4000 troops are already at home: President trump delivered on a deal: US has hit agreed troop-cut target of 8,600 in Afghanistan

US President Donald Trump speaks to the troops during a surprise Thanksgiving day visit at Bagram Air Field, on November 28, 2019 in Afghanistan. (Photo by Olivier Douliery / AFP)

President Donald Trump has been eager for a full US withdrawal from Afghanistan.

The US troop reduction was part of an agreement between the US and the Taliban signed in February [File: Massoud Hossaini/AP Photo]
The US troop reduction was part of an agreement between the US and the Taliban signed in February [File: Massoud Hossaini/AP Photo]

The United States has reduced its troop presence in Afghanistan to 8,600, fulfilling its obligation as part of a February deal with the Taliban, the general who oversees American forces in that region said on Thursday.

Marine General Frank McKenzie gave no indication of when, or at what pace, US forces would be further reduced. He noted that the February deal requires the US to fully withdraw its forces by next May, but he called that an “aspirational” commitment that would depend on certain actions by the Taliban.

President Donald Trump has been eager for a full US withdrawal from Afghanistan, asserting that American forces are merely policing a civil conflict and should be brought home. The war began in October 2001.

Without directly mentioning the 8,600 figure, McKenzie said, “We’re at that number now,” in accordance with the February agreement. The deal said the US would drop to 8,600 within 135 days, which is mid-July. It represents a reduction from about 12,000 troops at the time of the agreement.

“We have met our part of the agreement,” he said, speaking at an Aspen Strategy Group webinar.
McKenzie said a full US withdrawal would happen if conditions are right.

“Conditions would have to be met that satisfy us that attacks against our homeland are not going to be generated from Afghanistan,” he said. “That’s not the Taliban.

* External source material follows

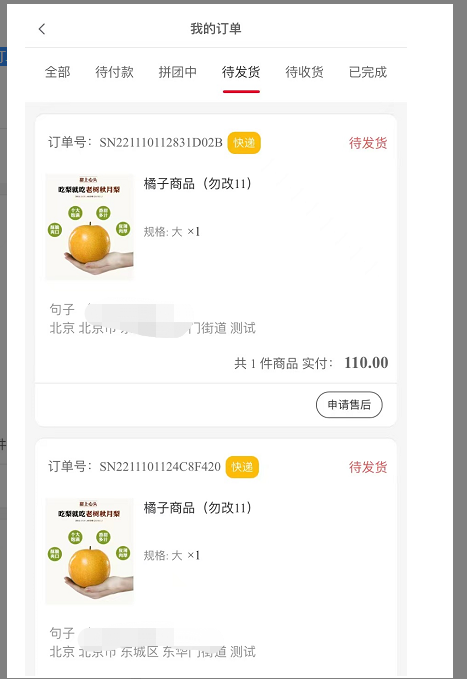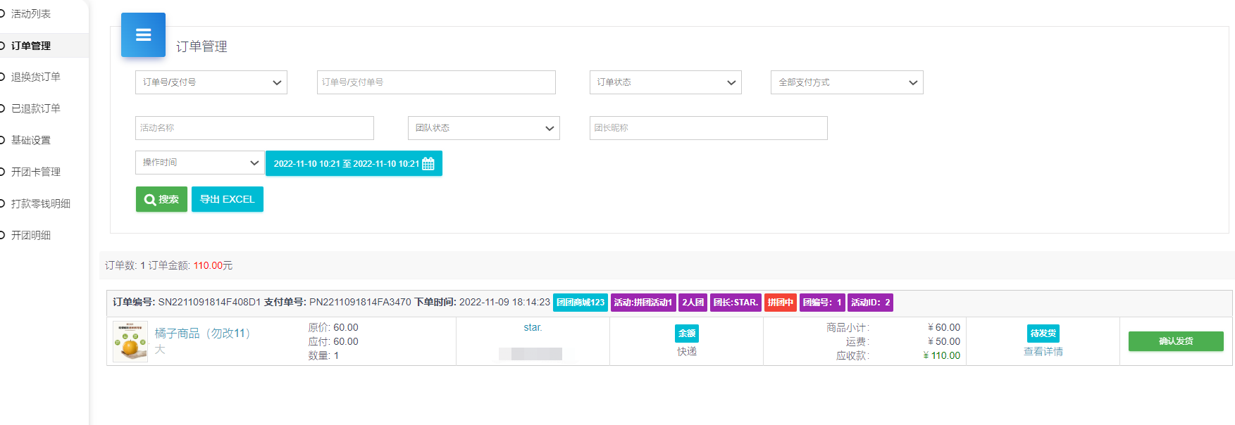 对拼团订单进行管理,对拼团的订单进行发货,确认收货等操作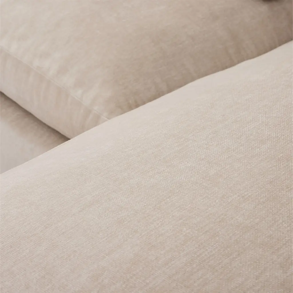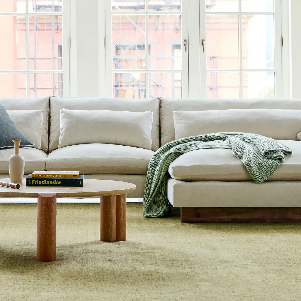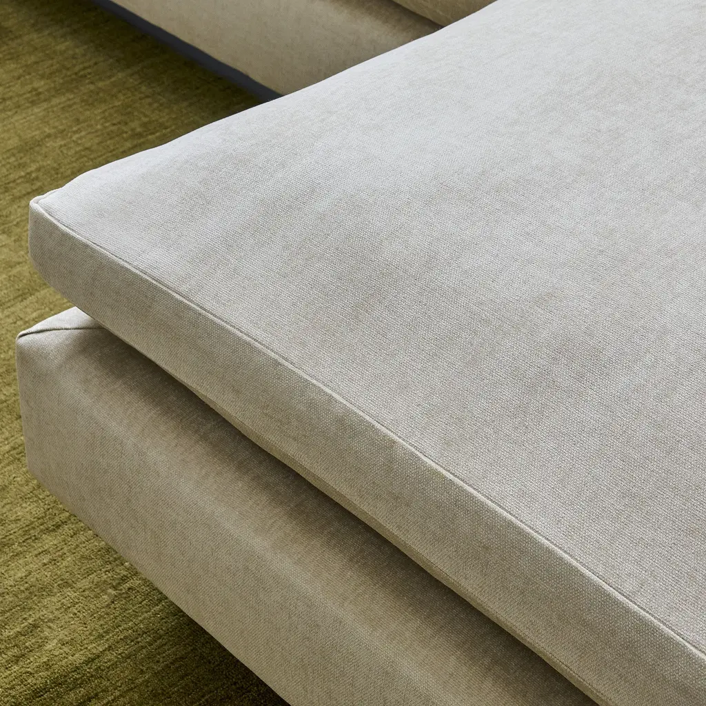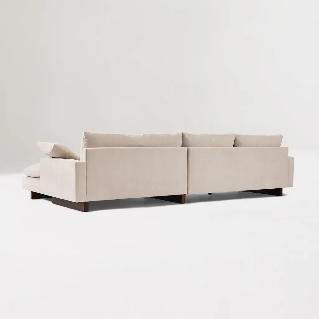This modern sectional is all about comfort. Pillowy-soft cushions top the spacious body. Kiln-dried, clean-lined frame has reinforced joinery. Hand-built frames with hand-finished upholstery.

That is, of course, al-Qaida and ISIS (ISIL),” referring to the violent group that used haven in Afghanistan during the Taliban’s previous rule to plan the September 11, 2001, attacks on the US, as well as the ISIL group’s Afghanistan affiliate.

US marines
US Marines stand during a change of command ceremony at Task Force Southwest military field in Shorab military camp of Helmand province, Afghanistan [File: Massoud Hossaini/AP Photo]

As part of the February deal, the Taliban agreed they would not allow any violent group to use Afghan territory to plan or carry out attacks on the US.